We are an SME working across civil, structural and MEP engineering practices. As a senior management team we have embraced digital because we see it as central to our desire to engage directly with clients as a genuine professional services business. We want to be in a place where we can price our work on the basis of the value we add through the asset lifecycle. The alternative is to be trapped into delivering increasingly commoditised design packages as part of a contractors supply chain. 

Leadership for a digital environment
In my contribution to these think pieces, I want however to focus on leadership and culture. Ultimately this is all about changing how the business operates and SMTs must be front and centre in driving change. Whatever your strategic intent, it must translate into changes to process and culture at all levels of the business. Consultancy is still about the people in the business – but we needed to drive behavioural change so that they can thrive in an environment that is now predominantly digital.

Two moments of realisation
We took the decision to fully embrace digital in 2011 following an unsatisfactory experience on a project that used 3D modelling.

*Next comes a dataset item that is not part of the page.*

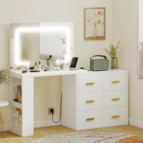 Sminkbordet med justerbar LED-spegel förvandlar kaotiska morgnar till en fridfull ritual, som erbjuder optimal belysning för sminkapplicering och en inbyggd laddningsstation för enhetens beredskap.

The project wasn’t a failure but it did make clear to us that as a business we didn’t have the capability to fully exploit technologies that were beginning to transform how our clients expected to engage with the supply chain.

Around the same time, we had a second moment of realisation. The greatest value of Building Information Modelling (BIM) was not in generating 3D models but in exploiting the underlying data to help clients make better decisions. That isn’t to say that models don’t bring benefits for design co-ordination and enabling pre-construction walkthroughs. However, for the business they were really just another commodity product.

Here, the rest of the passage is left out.